A part and parcel of Life – FAILURES

It wasn’t always a comfortable ride for Renaissance over the years. The global recession of 2007-08 led Renaissance Technologies to sell assets at rock-bottom prices in order to reduce losses. The quant models went haywire and did not function as they should have as they were unable to factor in widening credit spreads due to a plunge in real estate prices.

The situation was not rosy in the next recession as well which happened in 2020 due to COVID. The results produced by the Quant Models of Renaissance were not what normally people were accustomed to.
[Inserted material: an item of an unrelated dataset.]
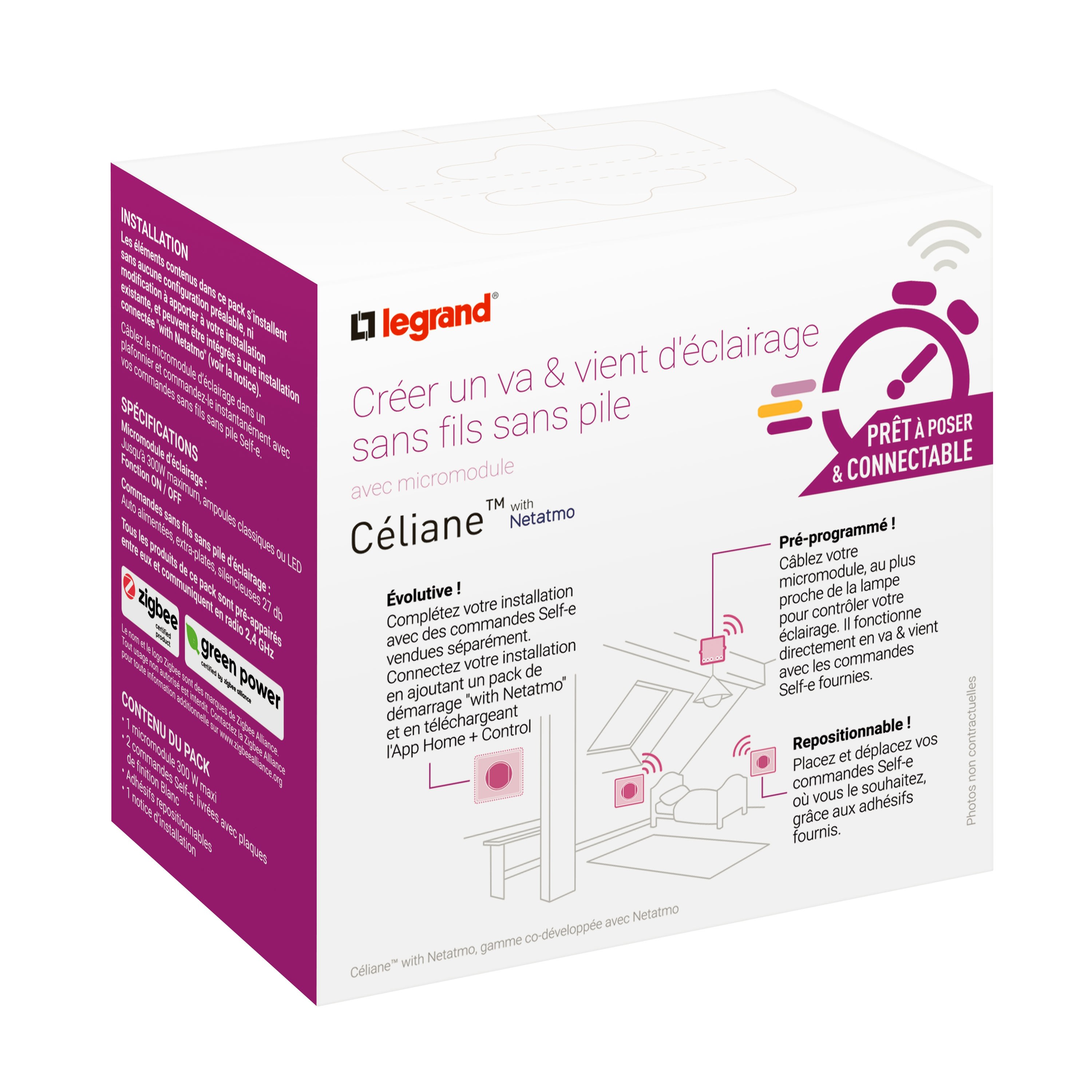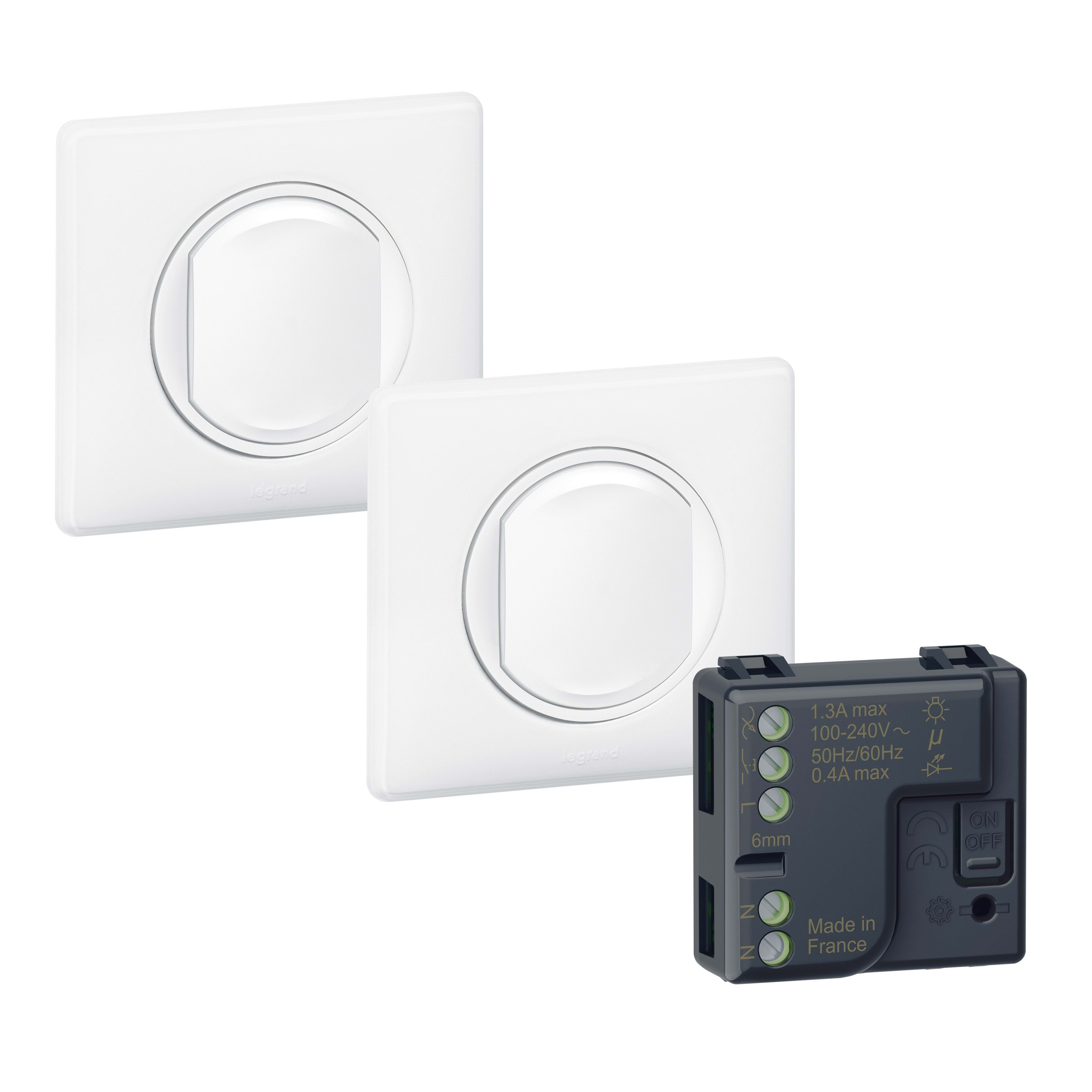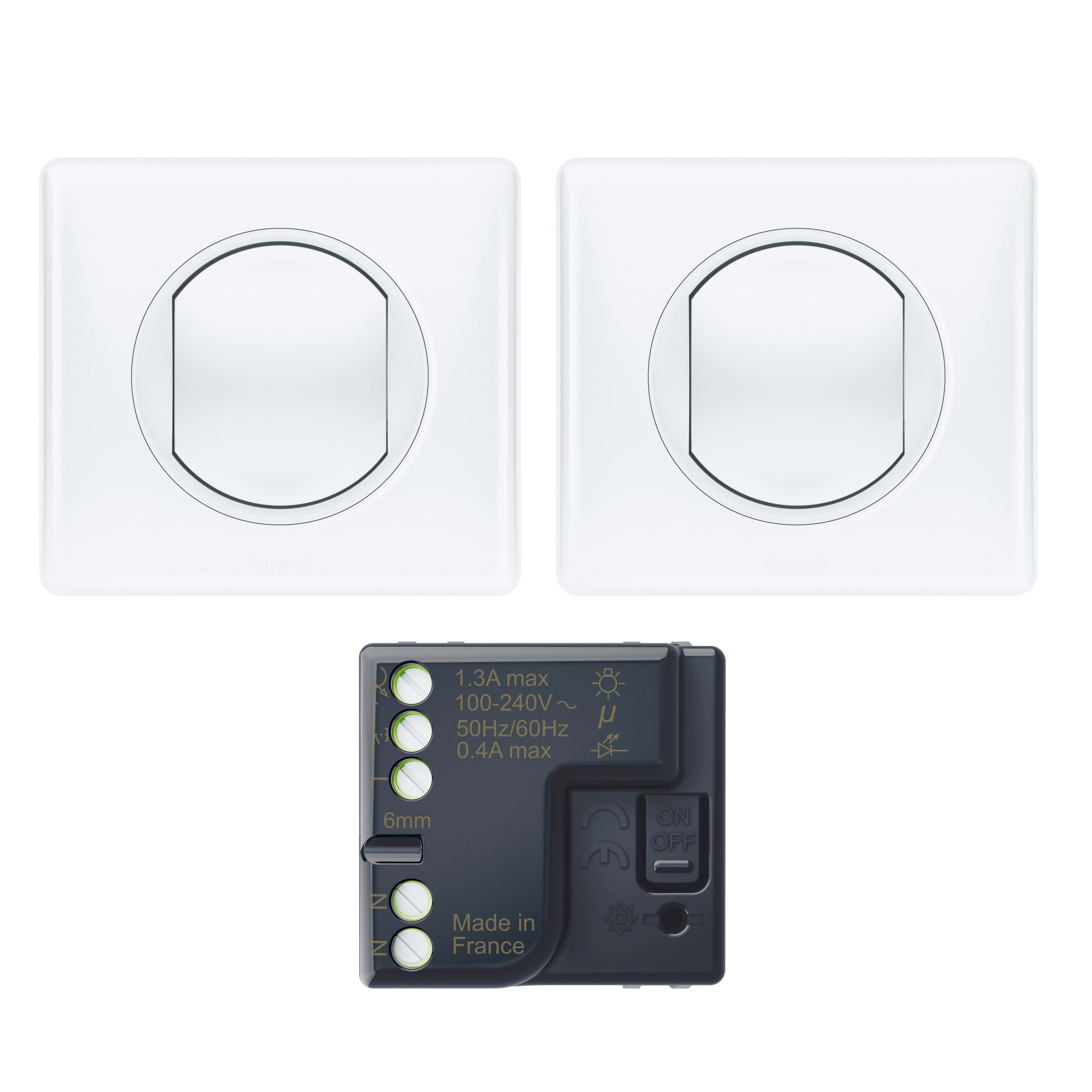 Micromodule d’éclairage : Jusqu’à 300W maximum, pour ampoules classiques et LED. Fonction ON / OFF Commandes sans fils sans pile d'éclairage : produit autonome - sans pile, sans alimentation électrique Tous les produits de ce kit sont pré-appairés entre eux et communiquent en radio 2,4 GHz Installation évolutive : Complétez votre installation radio avec des commandes sans fils sans pile d’éclairage et de prises, Céliane with Netatmo, vendues séparément Blanc

In a March 30 2020 filing, Renaissance said, “The beta models, which help determine portfolio exposure at funds for outside investors, in recent volatile markets have not performed as expected.” However, Simons believes that “The things we are doing will not go away. We may have bad years; we may have terrible years sometimes. But the principles we’ve discovered are valid.”  

Recently in 2021, according to Bloomberg, clients redeemed more than a quarter of Renaissance’s externally-managed funds. They pulled or asked to remove about $5 Billion from December 2020 to February 2021. Then they pulled out $6 billion more through June 2021. The redemptions were the highest in April but slowed in May and June.

What’s in it for Us – THE LEARNINGS

One of the biggest lessons that we have from Jim Simons and his work is the predictability of human behavior. When considered on a mass scale, humans are predictable beings and their decisions in business, politics, economics and all areas that directly or indirectly affect the financial market have a repetitive pattern. There will definitely be outliers as was with Simons as well – during the Global Recession and COVID, but when reckoned over a long duration, an element of predictability can be established.

Now, that is not to say that it is easy to understand and predict those patterns but it can be done and Simons’ quant models are an evidence of that. Backtesting assumes a huge role here as the past data is all we have and all the answers or patterns related to human behavior are hidden there. The more we observe, identify and understand these patterns, the more we bring in the aspect of predictability in our models.

Simons also showed that we need to rid ourselves of human biases by cutting off human emotions as far as possible when it comes to trade. In fact his scientific approach and pure quant models were meant to counter biases, both cognitive and emotional. They propose hypotheses, then test and use or review them to achieve a predetermined output.

The strategies also showed us that it is prudent to avoid illiquid stocks, options, futures and cryptocurrencies as money can be lost in the bid-ask spread. There could be issues associated with volume and you may not be able to exit a position if and when you want. It would be best if you also aimed to trade various signals on multiple asset classes.

And lastly, Simons’ journey shows us that no matter how intelligent or educated or experienced one is, he/she always needs the help of a group of people to make a significant impact in this world. He didn’t just restrict himself to the quest for spectacular returns, but he framed his success by building a highly-efficient system and an immensely collaborative team of top-notch researchers and mathematicians.